▶ **WHAT THE TASK REQUIRES**: Locate the line containing "2015年是新能源汽车蓬勃发" in the material below. Copy that line and all following lines through the end exactly, omitting any pictures.

---------- INFORMATION SUPPLIED

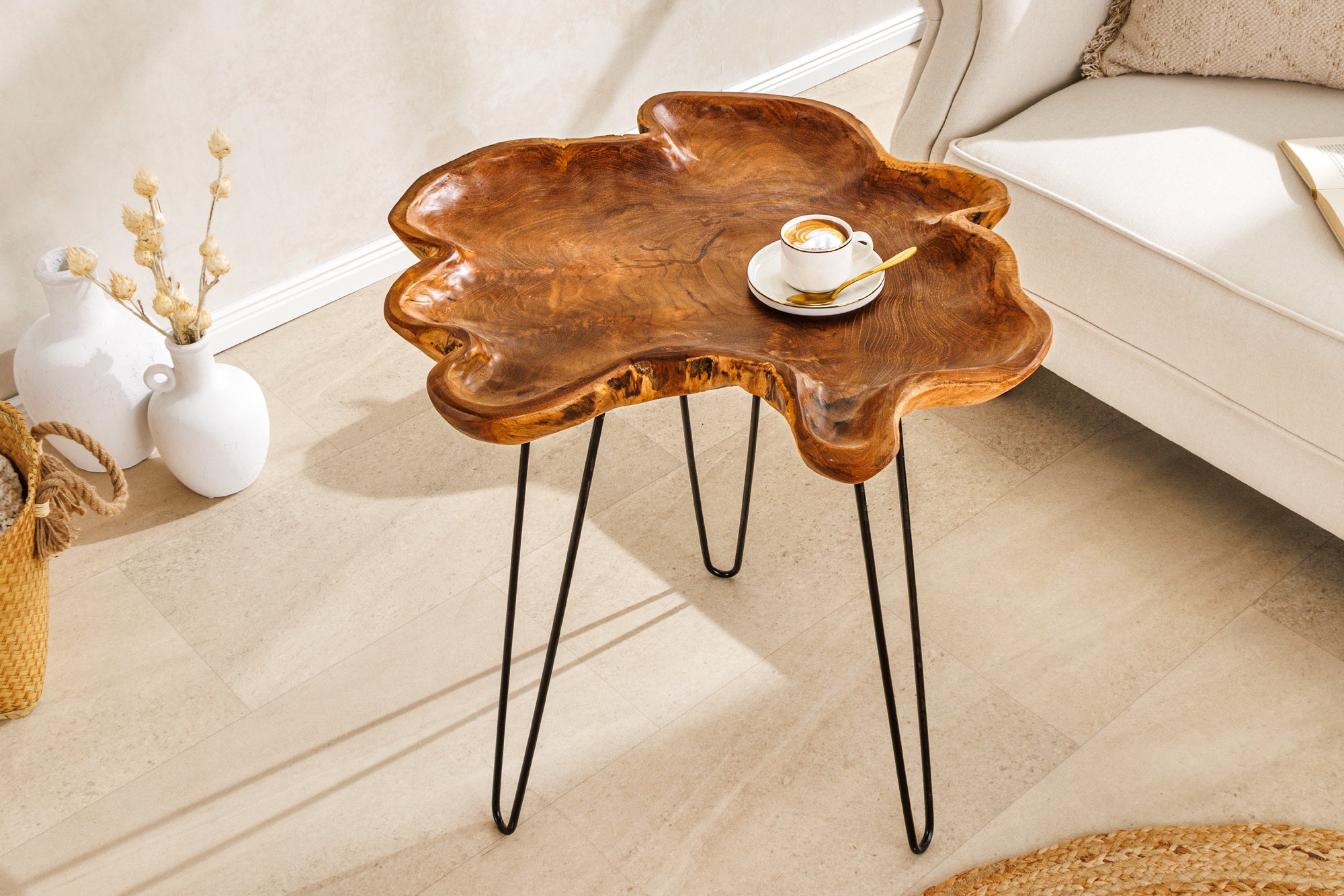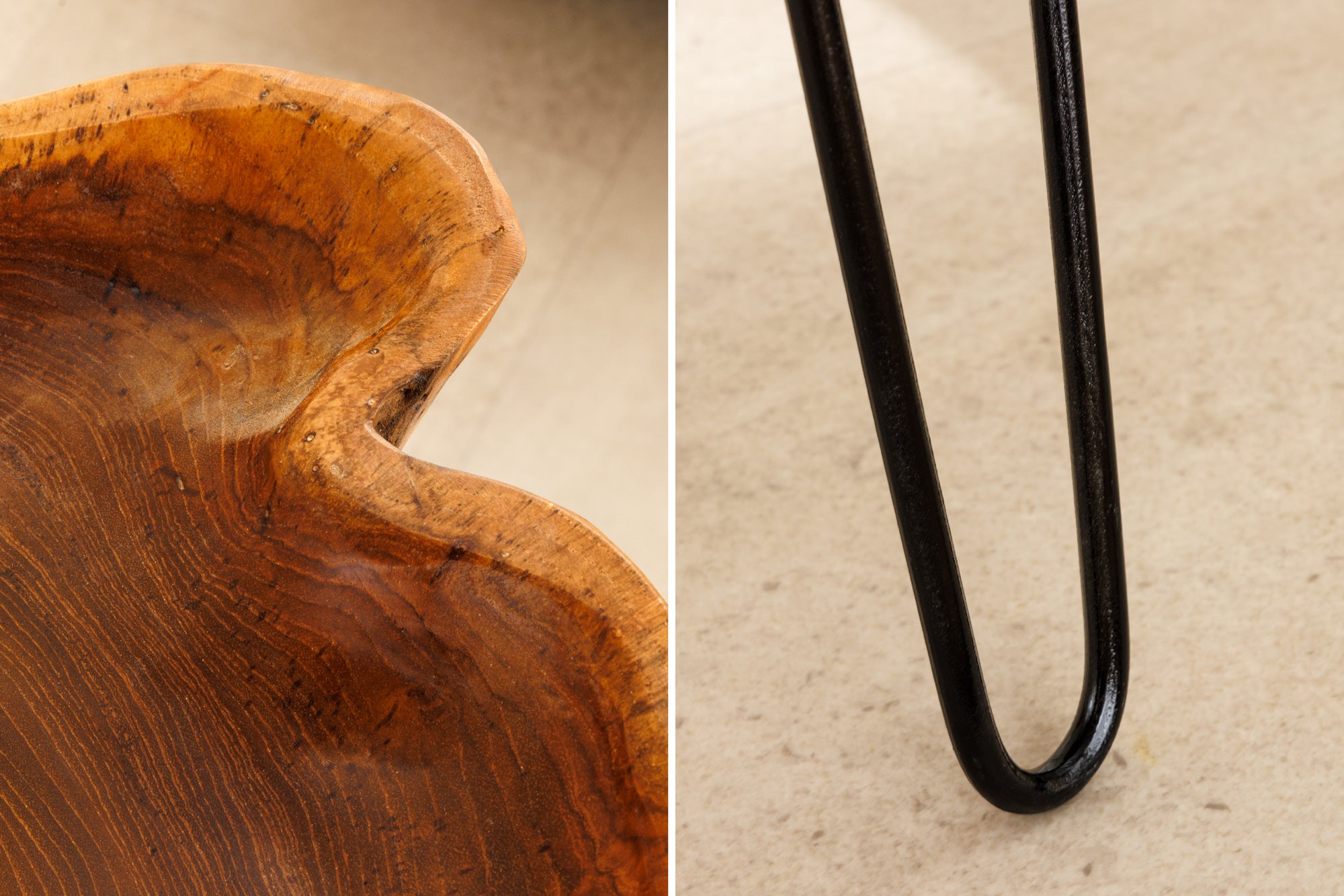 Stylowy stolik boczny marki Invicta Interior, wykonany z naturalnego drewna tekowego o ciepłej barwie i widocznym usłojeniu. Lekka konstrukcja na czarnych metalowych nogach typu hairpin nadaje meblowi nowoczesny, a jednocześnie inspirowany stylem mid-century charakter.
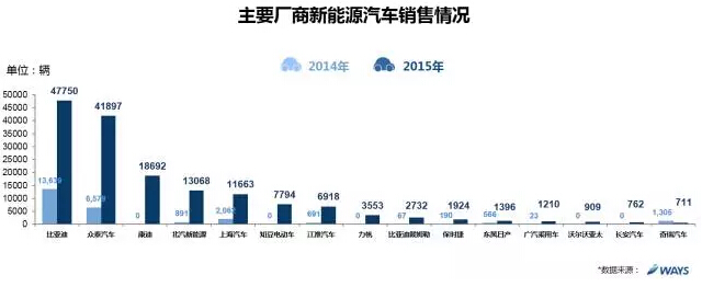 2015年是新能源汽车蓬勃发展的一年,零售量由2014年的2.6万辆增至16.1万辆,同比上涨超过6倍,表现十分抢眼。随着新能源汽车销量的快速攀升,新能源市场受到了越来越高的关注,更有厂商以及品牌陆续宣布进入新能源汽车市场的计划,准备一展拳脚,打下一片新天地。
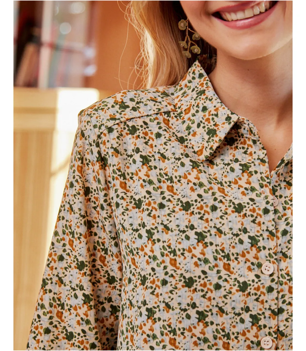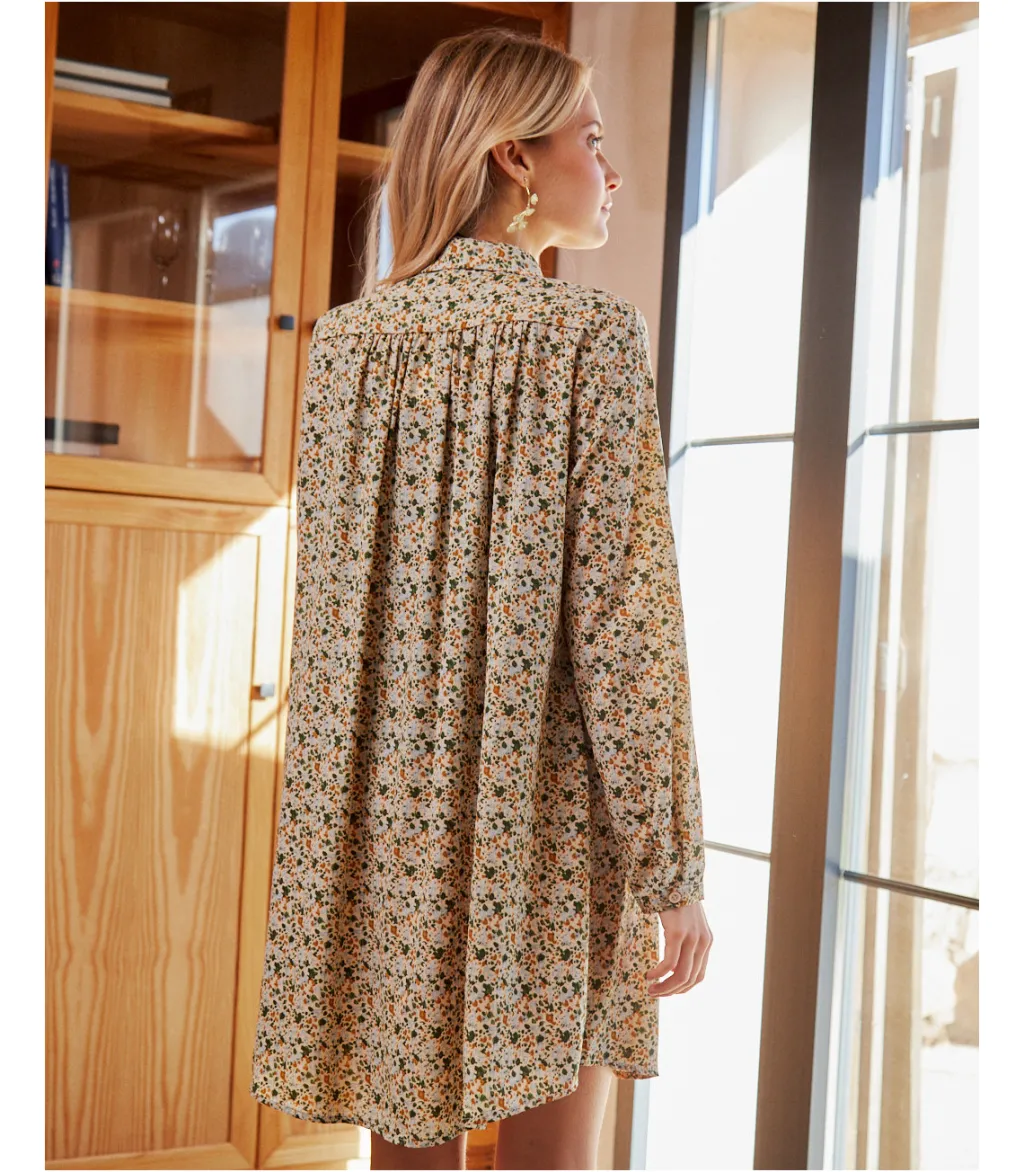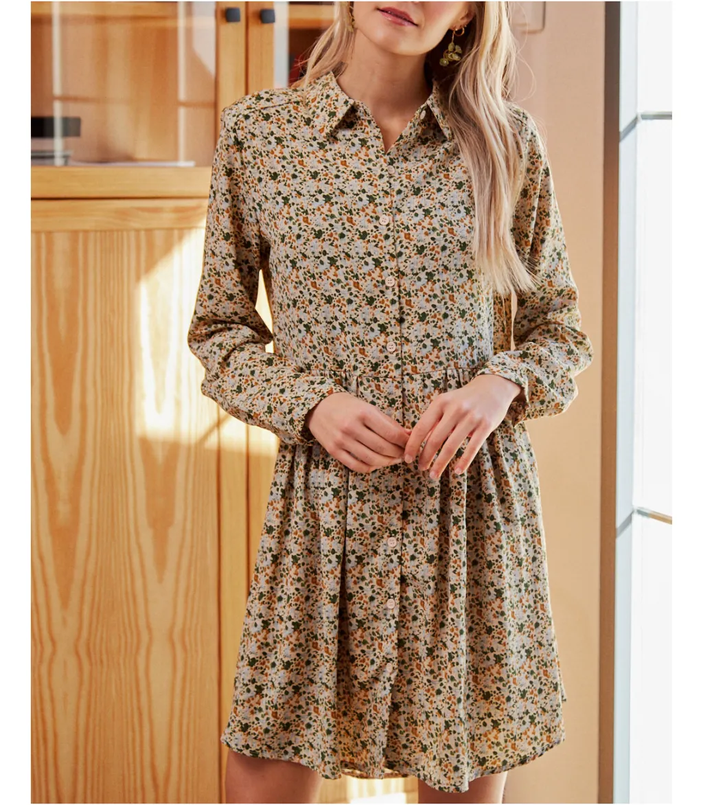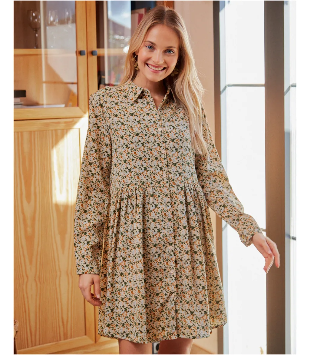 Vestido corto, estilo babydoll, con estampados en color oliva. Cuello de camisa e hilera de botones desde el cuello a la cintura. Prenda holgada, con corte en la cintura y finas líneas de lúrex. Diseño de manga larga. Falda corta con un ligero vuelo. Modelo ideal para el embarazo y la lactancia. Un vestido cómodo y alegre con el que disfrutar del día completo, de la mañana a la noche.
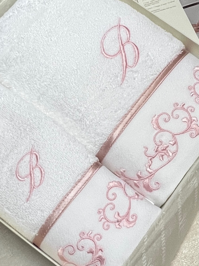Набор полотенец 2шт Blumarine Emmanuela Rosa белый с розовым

--------------------

▶ **OUTPUT OF THE TASK**:
 2015年是新能源汽车蓬勃发展的一年,零售量由2014年的2.6万辆增至16.1万辆,同比上涨超过6倍,表现十分抢眼。随着新能源汽车销量的快速攀升,新能源市场受到了越来越高的关注,更有厂商以及品牌陆续宣布进入新能源汽车市场的计划,准备一展拳脚,打下一片新天地。
 Vestido corto, estilo babydoll, con estampados en color oliva. Cuello de camisa e hilera de botones desde el cuello a la cintura. Prenda holgada, con corte en la cintura y finas líneas de lúrex. Diseño de manga larga. Falda corta con un ligero vuelo. Modelo ideal para el embarazo y la lactancia. Un vestido cómodo y alegre con el que disfrutar del día completo, de la mañana a la noche.
Набор полотенец 2шт Blumarine Emmanuela Rosa белый с розовым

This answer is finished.